- **About this exercise**:
For this exercise, retype the lines from the one that holds "- テーブルチャットとプライ" through the one that holds "入札案件 検索キーワードは、6ヶ月連続で「コールセンター」が第1位 業種カテゴリ別" in the records below, both included, exactly and without pictures.

- **Provided data**:
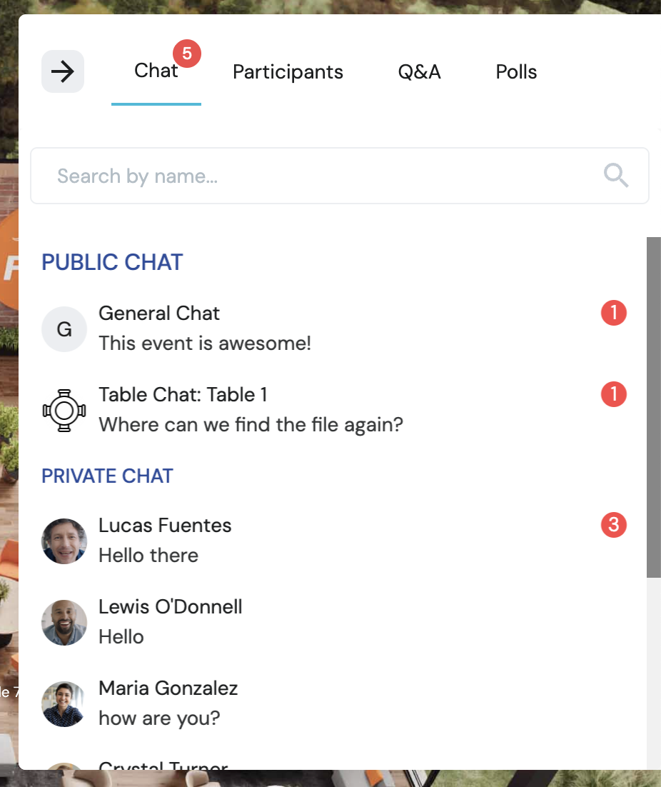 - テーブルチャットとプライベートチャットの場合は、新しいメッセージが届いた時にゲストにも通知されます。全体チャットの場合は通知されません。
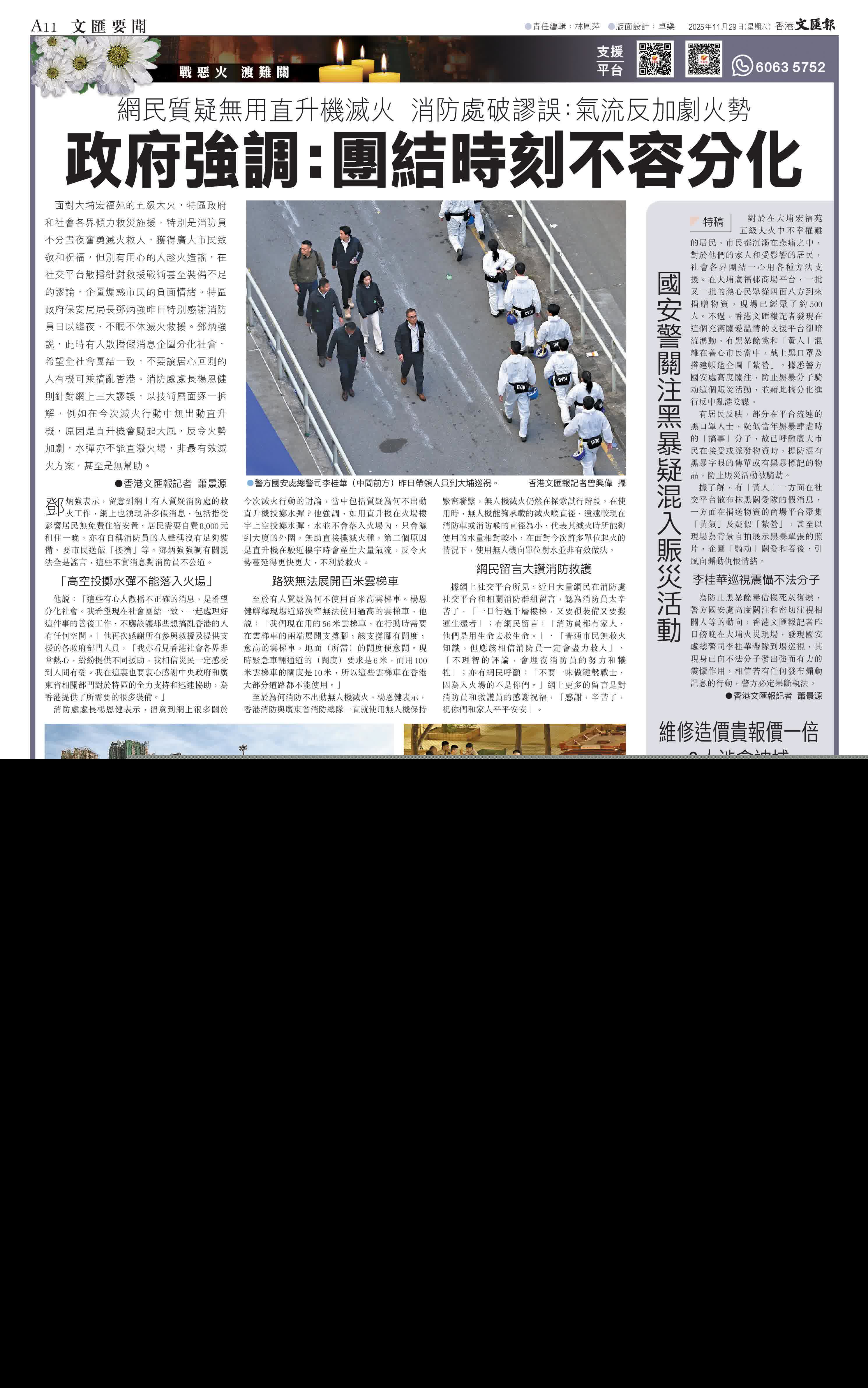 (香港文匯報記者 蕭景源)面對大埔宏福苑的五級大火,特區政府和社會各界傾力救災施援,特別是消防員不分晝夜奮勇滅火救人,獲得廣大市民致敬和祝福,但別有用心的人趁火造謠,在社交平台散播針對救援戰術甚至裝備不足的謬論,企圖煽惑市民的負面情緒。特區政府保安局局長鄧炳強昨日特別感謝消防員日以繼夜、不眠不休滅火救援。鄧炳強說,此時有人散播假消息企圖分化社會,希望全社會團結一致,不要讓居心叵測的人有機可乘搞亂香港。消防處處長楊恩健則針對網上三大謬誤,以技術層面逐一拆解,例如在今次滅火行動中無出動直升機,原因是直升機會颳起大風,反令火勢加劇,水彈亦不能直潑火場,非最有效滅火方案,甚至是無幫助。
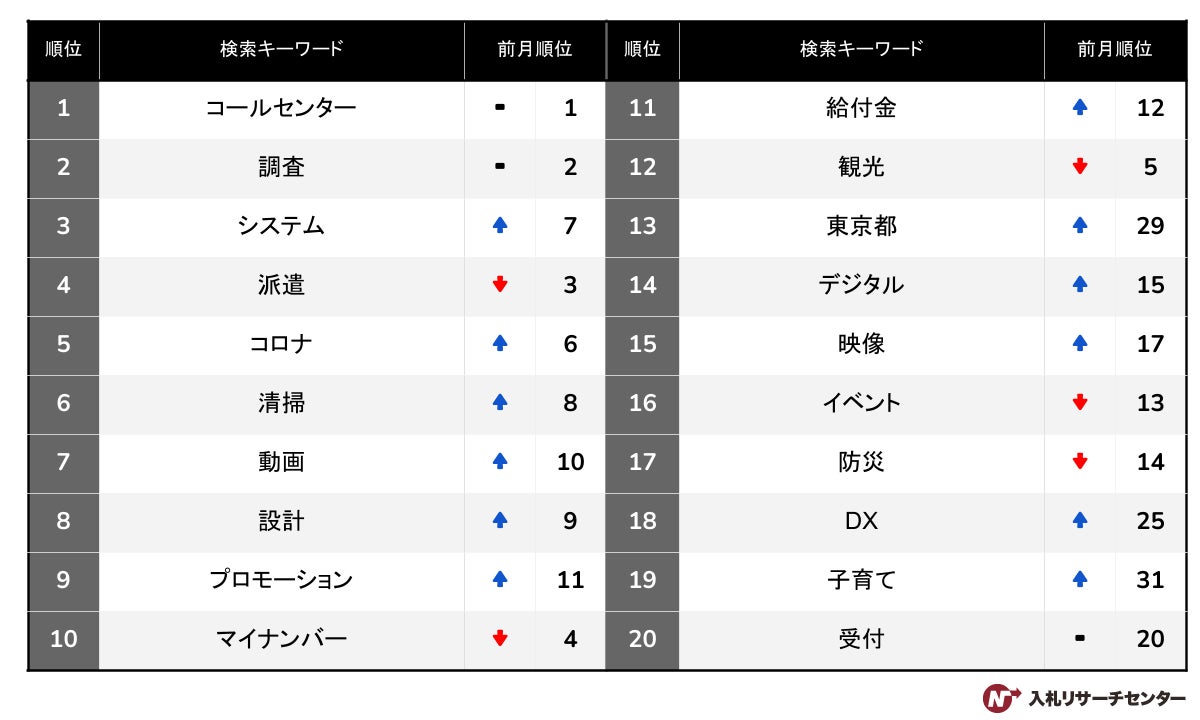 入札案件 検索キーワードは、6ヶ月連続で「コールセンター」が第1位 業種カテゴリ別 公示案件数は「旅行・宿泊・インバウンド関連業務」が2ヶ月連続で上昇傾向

--

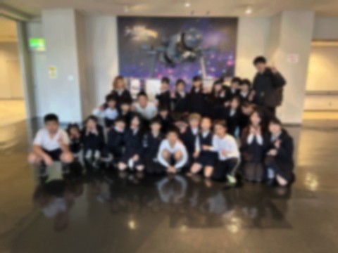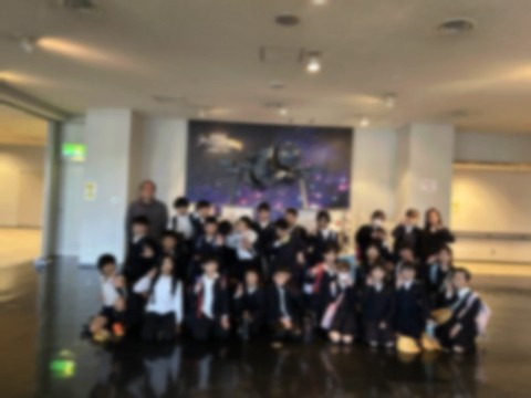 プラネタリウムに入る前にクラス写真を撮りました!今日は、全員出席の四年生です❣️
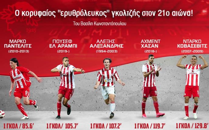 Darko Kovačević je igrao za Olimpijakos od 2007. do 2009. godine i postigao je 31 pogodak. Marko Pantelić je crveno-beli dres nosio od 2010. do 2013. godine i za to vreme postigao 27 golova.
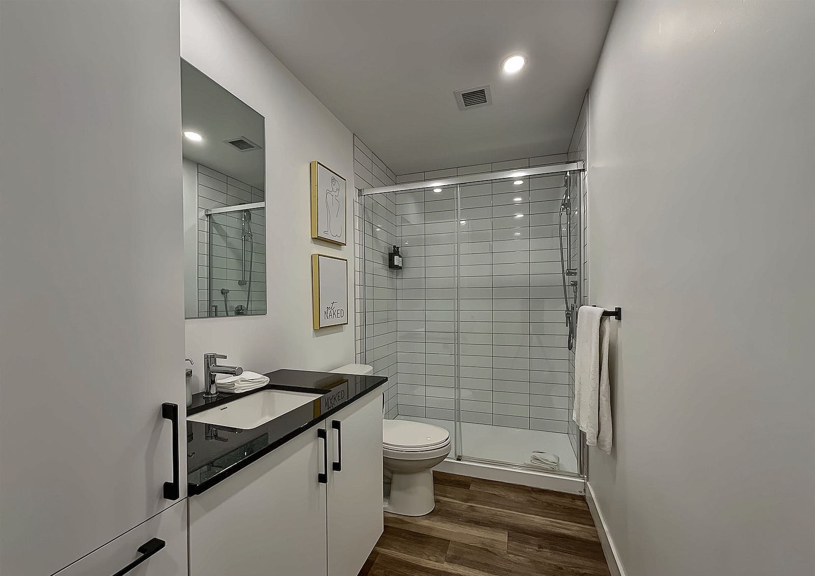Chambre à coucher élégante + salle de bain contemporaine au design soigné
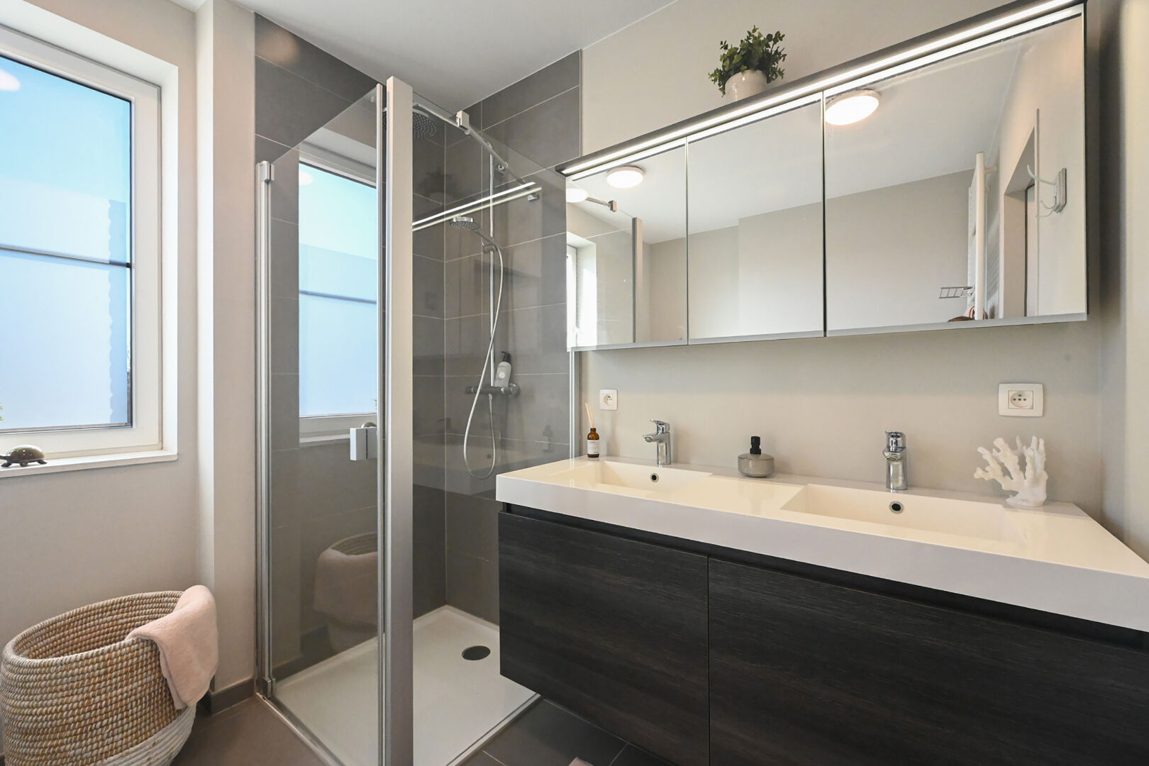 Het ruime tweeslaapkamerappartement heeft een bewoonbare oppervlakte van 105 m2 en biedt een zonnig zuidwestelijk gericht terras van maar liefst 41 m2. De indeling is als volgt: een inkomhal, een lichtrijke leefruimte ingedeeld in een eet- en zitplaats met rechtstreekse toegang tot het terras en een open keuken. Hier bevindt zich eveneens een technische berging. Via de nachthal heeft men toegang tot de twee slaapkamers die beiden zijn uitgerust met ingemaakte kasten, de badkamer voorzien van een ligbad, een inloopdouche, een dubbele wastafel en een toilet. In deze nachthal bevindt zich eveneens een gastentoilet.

* * *

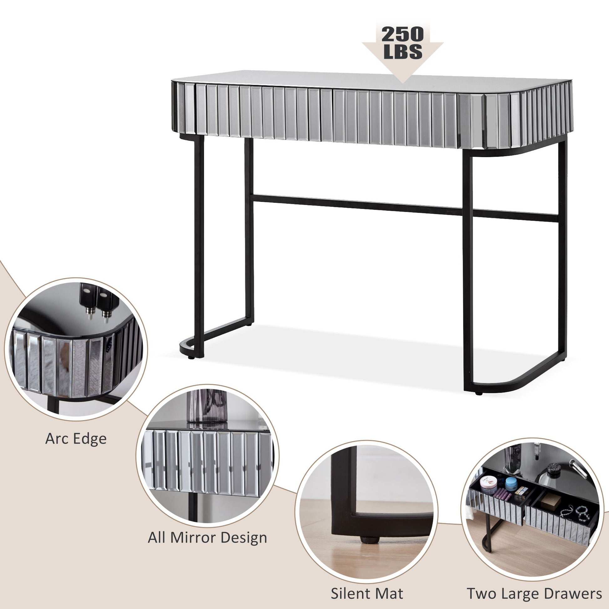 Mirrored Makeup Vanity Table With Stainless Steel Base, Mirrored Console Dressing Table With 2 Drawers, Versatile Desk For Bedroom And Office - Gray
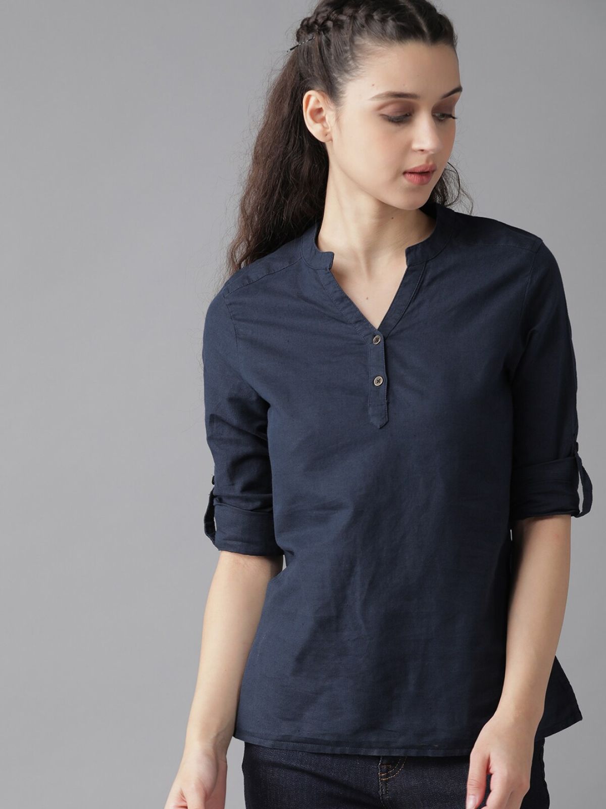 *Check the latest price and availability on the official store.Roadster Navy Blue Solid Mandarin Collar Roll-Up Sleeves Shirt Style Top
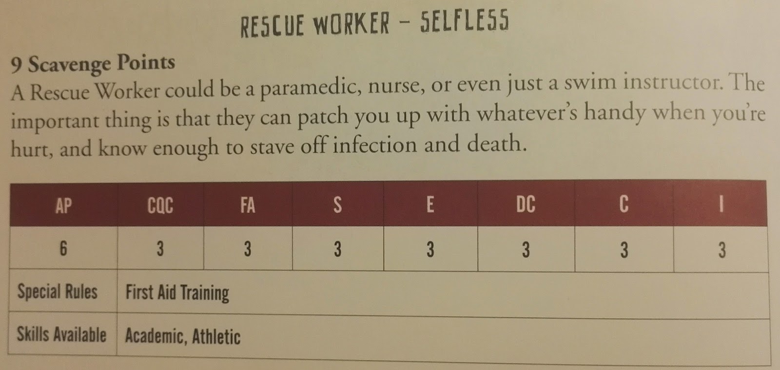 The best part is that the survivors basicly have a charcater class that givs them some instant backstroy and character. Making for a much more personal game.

- **Your response**:
 - テーブルチャットとプライベートチャットの場合は、新しいメッセージが届いた時にゲストにも通知されます。全体チャットの場合は通知されません。
 (香港文匯報記者 蕭景源)面對大埔宏福苑的五級大火,特區政府和社會各界傾力救災施援,特別是消防員不分晝夜奮勇滅火救人,獲得廣大市民致敬和祝福,但別有用心的人趁火造謠,在社交平台散播針對救援戰術甚至裝備不足的謬論,企圖煽惑市民的負面情緒。特區政府保安局局長鄧炳強昨日特別感謝消防員日以繼夜、不眠不休滅火救援。鄧炳強說,此時有人散播假消息企圖分化社會,希望全社會團結一致,不要讓居心叵測的人有機可乘搞亂香港。消防處處長楊恩健則針對網上三大謬誤,以技術層面逐一拆解,例如在今次滅火行動中無出動直升機,原因是直升機會颳起大風,反令火勢加劇,水彈亦不能直潑火場,非最有效滅火方案,甚至是無幫助。
 入札案件 検索キーワードは、6ヶ月連続で「コールセンター」が第1位 業種カテゴリ別 公示案件数は「旅行・宿泊・インバウンド関連業務」が2ヶ月連続で上昇傾向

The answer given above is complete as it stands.